Among the striking features of the beautiful city of Copenhagen are statuary by the famous Thorwaldsen and other great sculptors, which proclaim the fame and preserve the memory of kings and statesmen, of authors and admirals—men great in war and in peace, in civic worth and in learning. It is to the honor of the city that lately there has arisen a unique and striking memorial to commemorate worth and fidelity in fields far beyond the sunset, remote from commercialism and from civilization. Thus Denmark keeps fresh in the hearts and in the minds of her people the heroic struggle unto death of Mylius-Erichsen and of Hagen, and of the Danish Eskimo Brönlund. Such steadfast sense of duty and heroic powers of accomplishment are not the heritage of Denmark alone, but of the nobler men of the wide world.

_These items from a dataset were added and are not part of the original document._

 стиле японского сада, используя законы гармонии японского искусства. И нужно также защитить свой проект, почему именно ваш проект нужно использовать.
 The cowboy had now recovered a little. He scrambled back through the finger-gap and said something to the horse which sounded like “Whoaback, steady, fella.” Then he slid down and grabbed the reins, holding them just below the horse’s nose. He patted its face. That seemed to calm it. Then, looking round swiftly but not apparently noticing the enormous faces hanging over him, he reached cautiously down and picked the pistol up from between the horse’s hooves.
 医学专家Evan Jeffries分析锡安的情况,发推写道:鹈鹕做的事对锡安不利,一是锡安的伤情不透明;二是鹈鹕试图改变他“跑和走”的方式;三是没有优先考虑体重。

THE WIFELY HEROISM OF MERTUK, THE DAUGHTER OF SHUNG-HU

"Deeper devotion
Nowhere hath knelt;
Fuller emotion
Heart never felt."
—Goethe (Dwight's translation).

Rarely, if ever, has there been recorded in history a more varied and adventurous life than that of Mertuk, wife of Hans Hendrik, who came into literature through the magical pen of Elisha Kent Kane as the "pretty daughter" of Shung-hu, an Etah Eskimo. She was born (and reared) as a veritable Child of the Ice, being one of the members of the northernmost tribe of the world,—a people, in the last century, of absorbing interest as a surviving offshoot of the Stone Age.

Mertuk married Hans Hendrik, an Eskimo of Moravian faith from Danish West Greenland, who was practically a deserter from Kane. This northern idyl was the reverse of Ruth of the Bible, since for the sake of Mertuk, Hans abandoned his family and his country, willingly separating himself from the comforts and certainties of civilized life for the vicissitudes and inconveniences of an archaic environment. Despite a lovely wife, Hans soon discovered the wretched discomforts and unwelcome methods of life on the Etah coast, where hunger and physical sufferings were not infrequent attendants on even the most skilful and active hunter.

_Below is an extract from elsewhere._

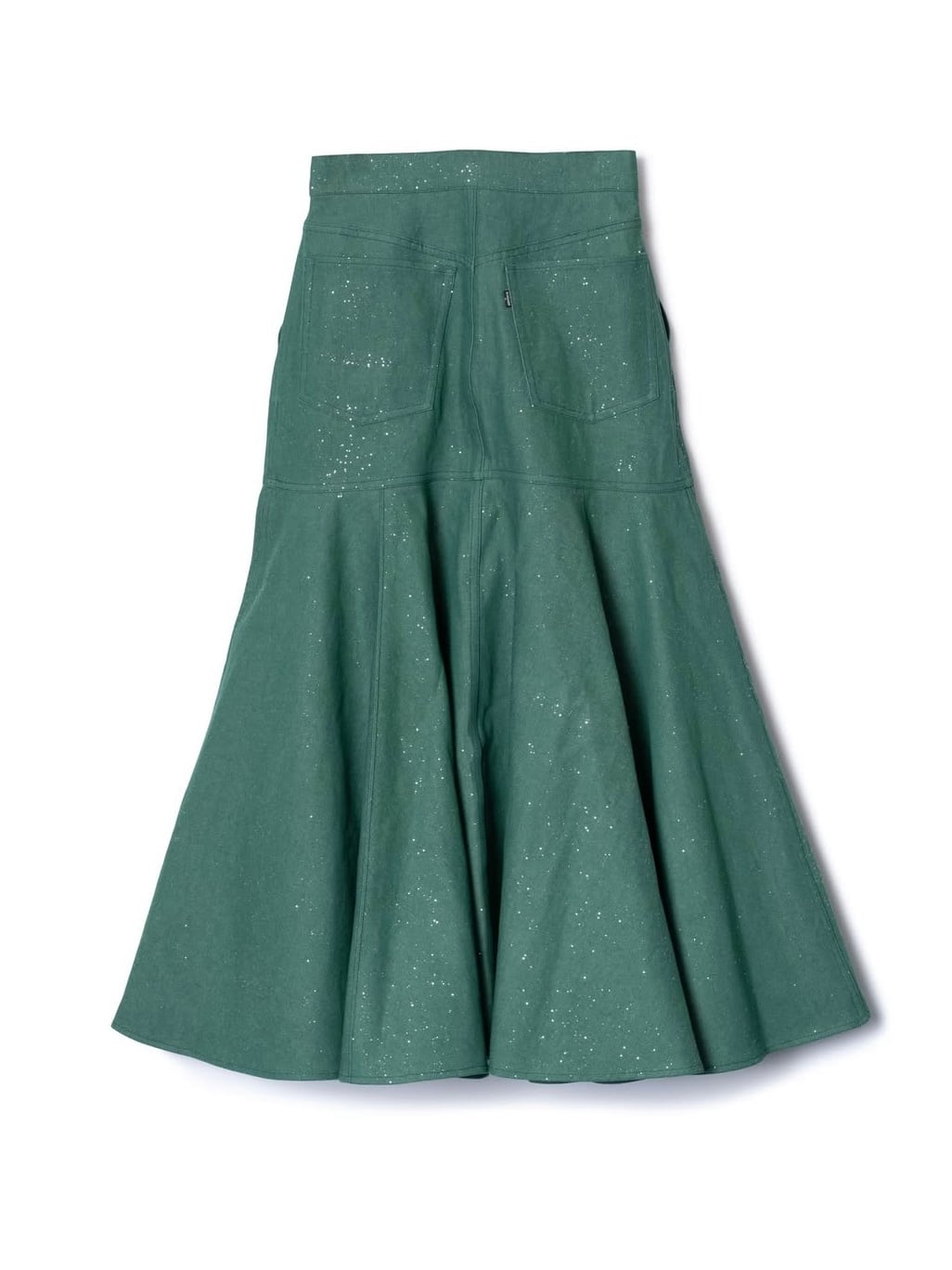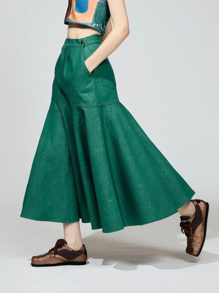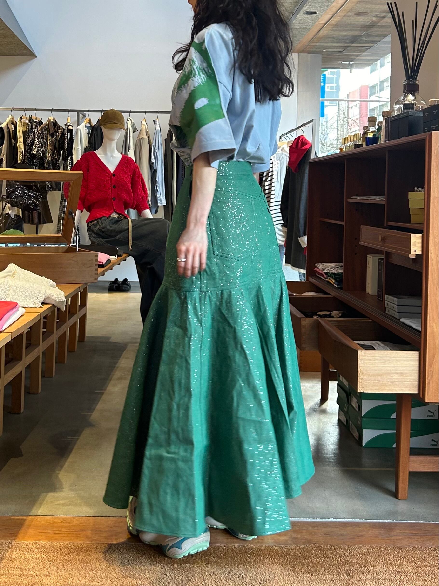 ラメ加工を施したフレアデニムスカート。

When the polar expedition of Dr. Isaac I. Hayes touched in 1860 at Cape York, Hans joined the doctor's forces taking his wife and child with him; next year they emigrated to Danish Greenland when Hayes sailed south.

Ten years later Hans, with Mertuk and three children, joined Hall's north-polar expedition, which made a ship's record for the world. At Thank-God Harbor was born Mertuk's youngest child, Charles Polaris, nearer the pole than any other known infant. With undaunted courage and uncomplaining fortitude she endured, with her four children (one a babe of three months), the fearful vicissitudes of the Polaris drift, set forth in another sketch, "The Marvellous Ice-Drift of Captain Tyson," carrying her babe in her seal-skin hood while dragging a heavy sledge over rough ice.

With quiet dignity, in keeping with her cool equanimity and her unblanching acceptance of hardships in the white North, Mertuk accepted the extraordinary experiences incident to temporary life in the great emporium of American civilization—New York City—which she was the first of her tribe to visit. Returning to Danish Greenland with her children, she there passed the rest of her less eventful life, busy and happy in the domestic duties pertaining to her family and to her Inuit neighbors.